* Work item *
Retype the records below exactly as they stand, omitting the pictures.
Data for review section start
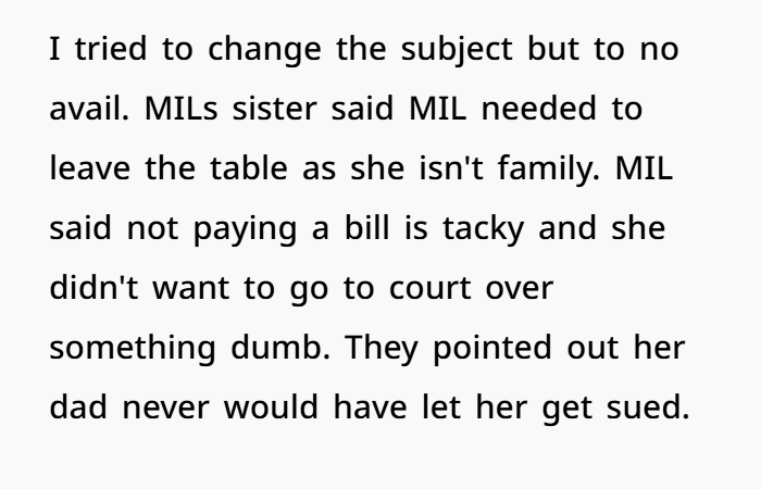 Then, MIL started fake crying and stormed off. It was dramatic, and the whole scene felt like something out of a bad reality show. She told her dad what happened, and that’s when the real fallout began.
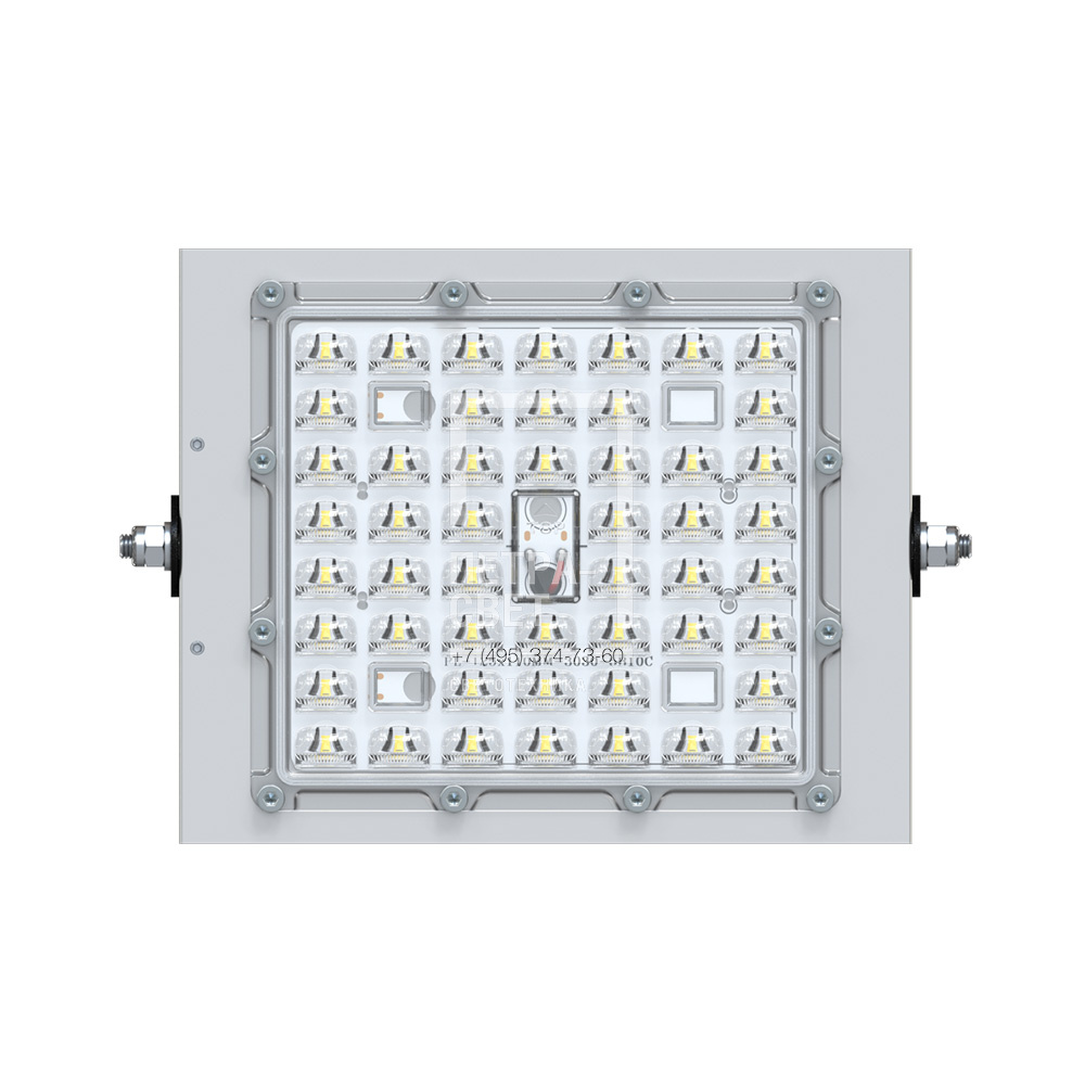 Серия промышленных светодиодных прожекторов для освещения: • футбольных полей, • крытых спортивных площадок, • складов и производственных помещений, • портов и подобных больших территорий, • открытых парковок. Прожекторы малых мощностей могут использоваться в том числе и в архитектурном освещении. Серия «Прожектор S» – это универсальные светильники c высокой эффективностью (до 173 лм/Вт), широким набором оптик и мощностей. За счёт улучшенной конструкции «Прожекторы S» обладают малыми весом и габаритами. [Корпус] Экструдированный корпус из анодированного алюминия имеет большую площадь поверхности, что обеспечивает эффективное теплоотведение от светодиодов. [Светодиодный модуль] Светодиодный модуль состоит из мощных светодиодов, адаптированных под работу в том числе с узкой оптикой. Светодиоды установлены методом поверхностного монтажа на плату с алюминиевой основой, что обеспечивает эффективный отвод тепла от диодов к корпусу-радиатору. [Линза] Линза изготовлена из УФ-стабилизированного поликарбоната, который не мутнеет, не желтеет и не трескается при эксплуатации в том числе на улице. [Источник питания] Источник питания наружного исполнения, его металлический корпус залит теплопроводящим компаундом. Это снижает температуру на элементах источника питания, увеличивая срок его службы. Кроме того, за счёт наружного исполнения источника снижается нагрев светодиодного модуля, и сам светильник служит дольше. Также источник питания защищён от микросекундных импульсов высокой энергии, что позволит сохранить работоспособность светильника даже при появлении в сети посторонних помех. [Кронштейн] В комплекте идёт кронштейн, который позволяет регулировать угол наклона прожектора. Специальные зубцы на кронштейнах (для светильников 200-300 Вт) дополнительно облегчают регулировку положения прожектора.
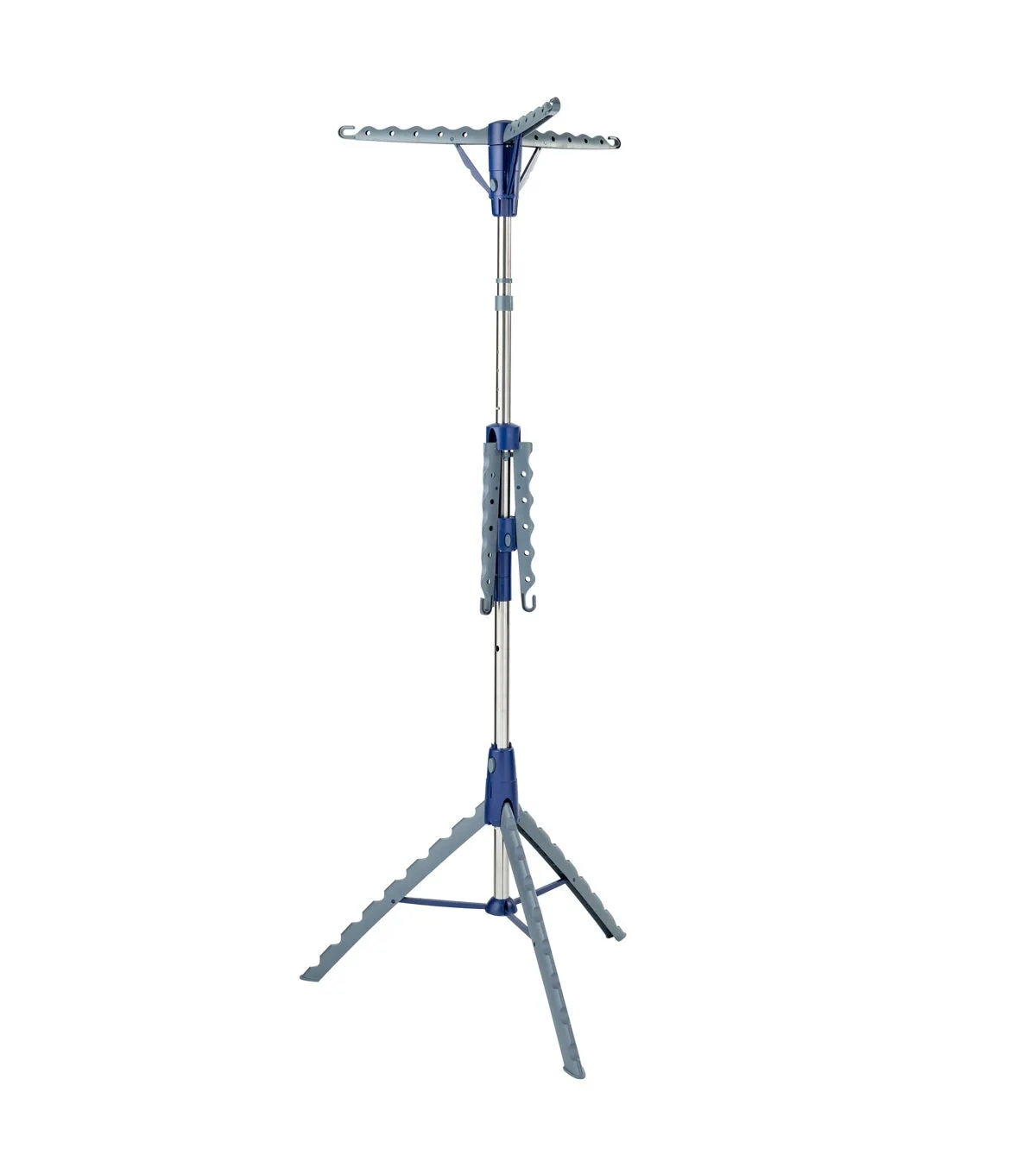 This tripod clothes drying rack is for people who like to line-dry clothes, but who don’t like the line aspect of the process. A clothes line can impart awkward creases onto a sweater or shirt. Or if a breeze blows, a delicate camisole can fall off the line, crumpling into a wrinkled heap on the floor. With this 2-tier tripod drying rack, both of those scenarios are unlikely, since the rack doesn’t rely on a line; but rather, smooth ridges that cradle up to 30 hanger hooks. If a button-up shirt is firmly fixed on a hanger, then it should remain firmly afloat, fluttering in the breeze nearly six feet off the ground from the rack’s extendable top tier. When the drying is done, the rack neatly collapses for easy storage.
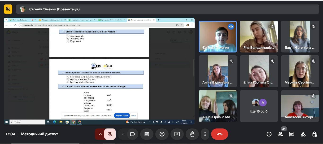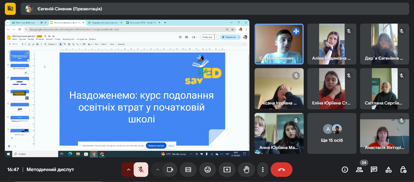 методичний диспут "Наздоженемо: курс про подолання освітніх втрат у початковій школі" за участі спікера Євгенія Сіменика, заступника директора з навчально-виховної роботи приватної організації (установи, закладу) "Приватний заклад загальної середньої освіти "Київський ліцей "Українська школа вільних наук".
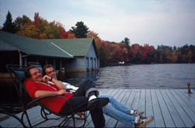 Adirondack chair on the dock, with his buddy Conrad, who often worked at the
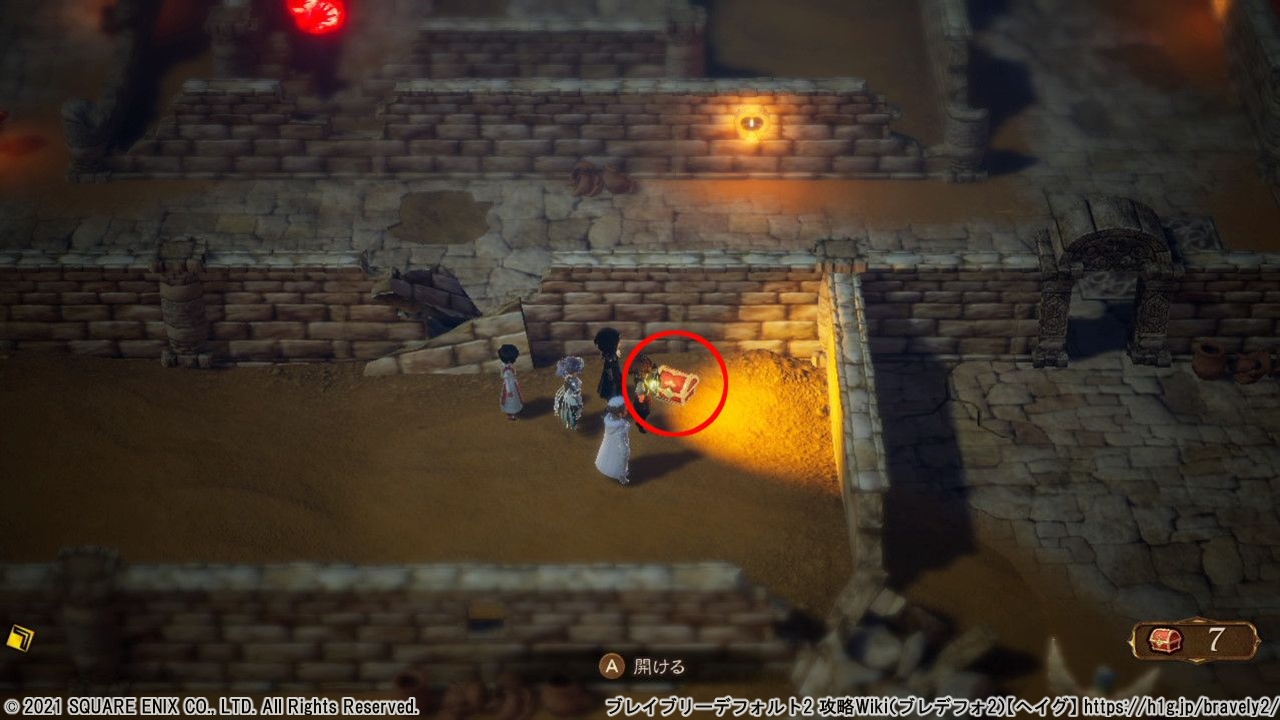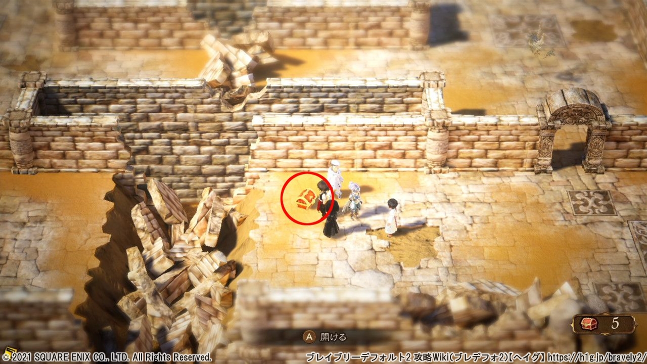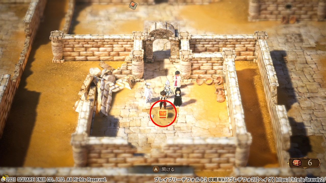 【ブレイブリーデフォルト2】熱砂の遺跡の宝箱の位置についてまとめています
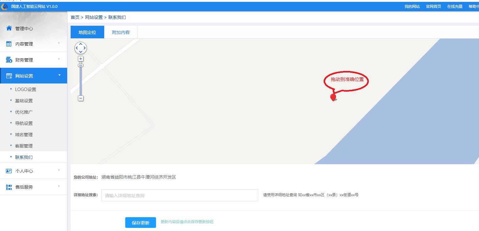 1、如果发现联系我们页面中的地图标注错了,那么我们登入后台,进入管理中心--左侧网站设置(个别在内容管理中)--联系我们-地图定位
Data for review section end
* Problem solution *
 Then, MIL started fake crying and stormed off. It was dramatic, and the whole scene felt like something out of a bad reality show. She told her dad what happened, and that’s when the real fallout began.
 Серия промышленных светодиодных прожекторов для освещения: • футбольных полей, • крытых спортивных площадок, • складов и производственных помещений, • портов и подобных больших территорий, • открытых парковок. Прожекторы малых мощностей могут использоваться в том числе и в архитектурном освещении. Серия «Прожектор S» – это универсальные светильники c высокой эффективностью (до 173 лм/Вт), широким набором оптик и мощностей. За счёт улучшенной конструкции «Прожекторы S» обладают малыми весом и габаритами. [Корпус] Экструдированный корпус из анодированного алюминия имеет большую площадь поверхности, что обеспечивает эффективное теплоотведение от светодиодов. [Светодиодный модуль] Светодиодный модуль состоит из мощных светодиодов, адаптированных под работу в том числе с узкой оптикой. Светодиоды установлены методом поверхностного монтажа на плату с алюминиевой основой, что обеспечивает эффективный отвод тепла от диодов к корпусу-радиатору. [Линза] Линза изготовлена из УФ-стабилизированного поликарбоната, который не мутнеет, не желтеет и не трескается при эксплуатации в том числе на улице. [Источник питания] Источник питания наружного исполнения, его металлический корпус залит теплопроводящим компаундом. Это снижает температуру на элементах источника питания, увеличивая срок его службы. Кроме того, за счёт наружного исполнения источника снижается нагрев светодиодного модуля, и сам светильник служит дольше. Также источник питания защищён от микросекундных импульсов высокой энергии, что позволит сохранить работоспособность светильника даже при появлении в сети посторонних помех. [Кронштейн] В комплекте идёт кронштейн, который позволяет регулировать угол наклона прожектора. Специальные зубцы на кронштейнах (для светильников 200-300 Вт) дополнительно облегчают регулировку положения прожектора.
 This tripod clothes drying rack is for people who like to line-dry clothes, but who don’t like the line aspect of the process. A clothes line can impart awkward creases onto a sweater or shirt. Or if a breeze blows, a delicate camisole can fall off the line, crumpling into a wrinkled heap on the floor. With this 2-tier tripod drying rack, both of those scenarios are unlikely, since the rack doesn’t rely on a line; but rather, smooth ridges that cradle up to 30 hanger hooks. If a button-up shirt is firmly fixed on a hanger, then it should remain firmly afloat, fluttering in the breeze nearly six feet off the ground from the rack’s extendable top tier. When the drying is done, the rack neatly collapses for easy storage.
 методичний диспут "Наздоженемо: курс про подолання освітніх втрат у початковій школі" за участі спікера Євгенія Сіменика, заступника директора з навчально-виховної роботи приватної організації (установи, закладу) "Приватний заклад загальної середньої освіти "Київський ліцей "Українська школа вільних наук".
 Adirondack chair on the dock, with his buddy Conrad, who often worked at the
 【ブレイブリーデフォルト2】熱砂の遺跡の宝箱の位置についてまとめています
 1、如果发现联系我们页面中的地图标注错了,那么我们登入后台,进入管理中心--左侧网站设置(个别在内容管理中)--联系我们-地图定位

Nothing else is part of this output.